Abstract
This paper focuses on mobile multiple-input multiple-output (MIMO) underwater acoustic communications (UAC) over double-selective channels subject to both intersymbol interference and Doppler scaling effects. Temporal resampling is implemented to effectively convert the Doppler scaling effects to Doppler frequency shifts. Under the assumption that the channels between all the transmitter and receiver pairs experience the same Doppler frequency, a variation of the recently proposed generalization of the sparse learning via iterative minimization (GoSLIM) algorithm, referred to as GoSLIM-V, is employed to estimate the frequency modulated acoustic channels. GoSLIM-V is user parameter free and is easy to use in practical applications. This paper also considers turbo equalization for retrieving the transmitted signal. In particular, this paper reviews the linear minimum mean-squared error (LMMSE) based soft-input soft-output equalizer involved in the turbo equalization scheme and adopts a fast implementation of the equalizer that achieves negligible detection performance degradation compared to its direct implementation counterpart. The effectiveness of the considered MIMO UAC scheme is demonstrated using both simulated data and measurements recently acquired during the MACE10 in-water experiment.
1. Introduction
Achieving reliable underwater acoustic communications (UAC) with high data rate is difficult owing to the unique challenges imposed by the underwater acoustic environment [1, 2]. In typical UAC, the difference in the propagation time between the earliest and latest arrivals could span tens to hundreds of symbol periods [3], which translates into long channel impulse response (CIR) and severe intersymbol interference (ISI) at the receiver side. Moreover, the presence of Doppler effects, owing to the relative motions between the transmitter and receiver platforms and the dynamic underwater acoustic medium, induces temporal scaling (stretching or compression) to the transmitted signals [4]. Doppler-induced scaling effects impair the reliability of UAC, especially in the case of a phase-coherent detection scheme [3]. Furthermore, the scarcely available bandwidth permitted by the acoustic channel imposes an upper bound on the attainable symbol rate [2]. Therefore, the pursuit of high data rate in UAC leverages the multiple-input multiple-output (MIMO) scheme, which offers enhanced reliability and/or increased data rates compared to its single-input counterpart [5–7]. The focus of the present paper is on effective mobile MIMO UAC over double-selective acoustic channels suffering from both ISI and Doppler scaling effects.
Converting the double-selective channel into an ISI channel via temporal resampling is an effective way to tackle mobile UAC difficulties [4]. Although the Doppler scaling effects can be largely mitigated via such a temporal resampling process, the residual Doppler still causes frequency shift on the received measurements.

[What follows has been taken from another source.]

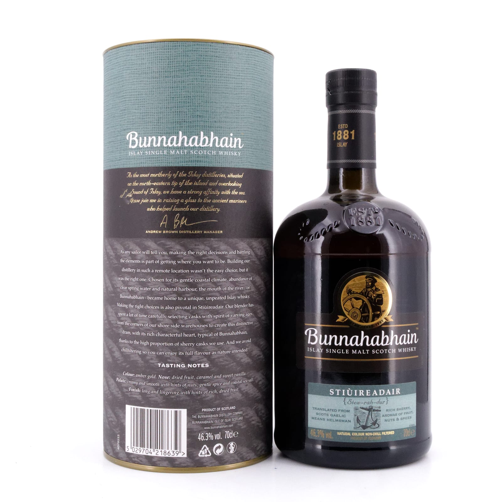 Der Whisky für den „Bunnahabhain Stiùireadair“ (gesprochen Stu-Radhur) reifte in First und Second Fill Sherry-Fässern. Ohne Altersangabe, abgefüllt mit 46,3 Vol% ist er als Einsteiger-Whisky und Alternative für den zwölfjährigen Bunnahabhain konzipiert worden.

Coherent UAC requires the receiver to acquire knowledge of the underlying channel after temporal resampling via channel estimation [7]. Channel estimation could be conducted either in the training-directed mode, using known training sequences, or in the decision-directed mode, using the detected payload symbols [5, 6]. A preferable tool to characterize a channel subject to both ISI and Doppler frequency shift is the scattering function (SF), which essentially decouples the acoustic channel into a bank of paths that experience different delays and Doppler frequencies [8]. The major concern in SF-based channel estimation is that the problem becomes over parameterized with too many degrees of freedom. It is practically more beneficial to look for a channel model with the smallest number of parameters, but one that still sufficiently reflects the defining characteristics of the acoustic channel of interest. Along this line of thought, it is assumed in [9, 10] that, at each receiver, the channel taps for all the transmitters experience the same Doppler frequency, but different receivers experience different Doppler shifts. The number of unknowns in the frequency dimension, as a consequence, is significantly reduced. Under this assumption, CIRs and the underlying Doppler frequency could be estimated in a separate manner [9] or in a joint manner by employing the generalization of the sparse learning via iterative minimization (GoSLIM) algorithm [10]. It is demonstrated in [10] that GoSLIM outperforms the separate estimation algorithm proposed in [9] in terms of estimation accuracy and robustness against suboptimal training sequences.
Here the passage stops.